How to Place Nigerian FM Companies’ CEOs Voice in the Industry Recognition and Sustainable Value Positioning



Credit: Harvard Business Review
When an industry is bereft of sufficient information could enhance stakeholders’ understanding of the forces that shape it, experts believe that the shakeout of processes being used by the players becomes eminent. Like other developing countries, the Facilities Management industry in Nigeria is evolving and growing every year due to different factors. Despite this, significant information to the facilities users and buyers of the solutions being offered by the providers is becoming elusive every day.
This piece is one of the attempts of Infoprations of emphasising the place of communicating the uniqueness and values of the industry to the stakeholders in the private and public sectors, including the individuals across the country. In the current piece, an attempt has been made to establish why the voice of the Chief Executive Officers of over 30 FM companies is imperative in improving the industry recognition and sustainable value positioning.
What is Industry Recognition and Sustainable Value Positioning?
It is quite instructive to know industry recognition and collective value positioning. In our previous analyses, we have noted that the industry needs collective action towards inculcating maintenance culture in the country, one of the bases through which the public will know the strategic place of the industry in building resilient cities and contributing to healthy living.

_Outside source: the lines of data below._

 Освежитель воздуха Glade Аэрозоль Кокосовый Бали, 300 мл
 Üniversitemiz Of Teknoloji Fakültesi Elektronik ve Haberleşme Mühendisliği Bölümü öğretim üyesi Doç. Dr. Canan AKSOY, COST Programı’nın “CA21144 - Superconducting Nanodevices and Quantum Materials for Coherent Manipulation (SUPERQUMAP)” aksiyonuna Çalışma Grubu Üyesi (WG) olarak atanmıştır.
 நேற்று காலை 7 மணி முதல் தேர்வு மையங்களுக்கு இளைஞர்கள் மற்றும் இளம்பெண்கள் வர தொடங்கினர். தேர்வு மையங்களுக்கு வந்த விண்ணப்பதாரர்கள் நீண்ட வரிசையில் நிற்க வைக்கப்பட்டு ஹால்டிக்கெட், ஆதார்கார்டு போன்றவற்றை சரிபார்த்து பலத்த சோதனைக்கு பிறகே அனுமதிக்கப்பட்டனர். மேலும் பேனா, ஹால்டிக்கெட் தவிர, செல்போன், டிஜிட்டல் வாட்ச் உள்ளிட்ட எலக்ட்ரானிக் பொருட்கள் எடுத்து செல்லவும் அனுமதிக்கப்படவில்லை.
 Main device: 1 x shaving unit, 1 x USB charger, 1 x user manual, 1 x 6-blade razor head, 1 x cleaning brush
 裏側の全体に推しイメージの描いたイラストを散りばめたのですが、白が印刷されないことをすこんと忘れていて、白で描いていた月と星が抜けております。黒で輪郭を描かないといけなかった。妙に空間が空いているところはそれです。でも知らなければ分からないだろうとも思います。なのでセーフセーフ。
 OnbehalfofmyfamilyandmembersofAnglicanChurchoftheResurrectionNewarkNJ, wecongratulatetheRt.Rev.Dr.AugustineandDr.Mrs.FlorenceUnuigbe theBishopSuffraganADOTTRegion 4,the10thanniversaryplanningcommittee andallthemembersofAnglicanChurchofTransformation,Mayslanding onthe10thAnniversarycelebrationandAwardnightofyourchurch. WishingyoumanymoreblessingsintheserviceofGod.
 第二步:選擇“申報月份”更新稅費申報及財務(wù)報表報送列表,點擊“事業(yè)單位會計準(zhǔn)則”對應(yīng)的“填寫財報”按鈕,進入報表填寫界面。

Among the experts, industry recognition is the combination of awareness of individual brands, product or firm being created by practitioners or employees in an industry. Such awareness is expected to address salient issues and needs of the targets in the industry. Failure to do that will lead to having more quacks and many strategic wars to fight.
Like other emerging industries, Facilities Management industry needs three categories of recognition. People, businesses and governments need to be aware of activities in the industry every day, a day-to-day awareness creation strategy. This could be the onerous task of the employees and other advocates in the built environment, who want to help in building a virile industry. This strategy requires getting feedback from the public, analysts and other promoters of the industry on conventional and modern communication channels.
To earn informal recognition, another category, practitioners and players need to acknowledge and appreciate each other milestones, particularly when they were the successes recorded in other countries. The industry needs to earn formal recognition. The key to unlock this is evidence-driven advocacy by the Association of Facilities Management Practitioners and the International Facilities Management Association, Nigeria Chapter.
While pursing the recognition, sustainable value positioning should not be jettisoned by the players and professionals. It is must be communicated and delivered before people and businesses can recognise it. Stakeholders should not forget that FM industry is one of the industries that has multiple stakeholders participating in the process of value creation and delivery. Therefore, the expected economic, social and environmental value must be created and shared in ways that ensure mutual balance.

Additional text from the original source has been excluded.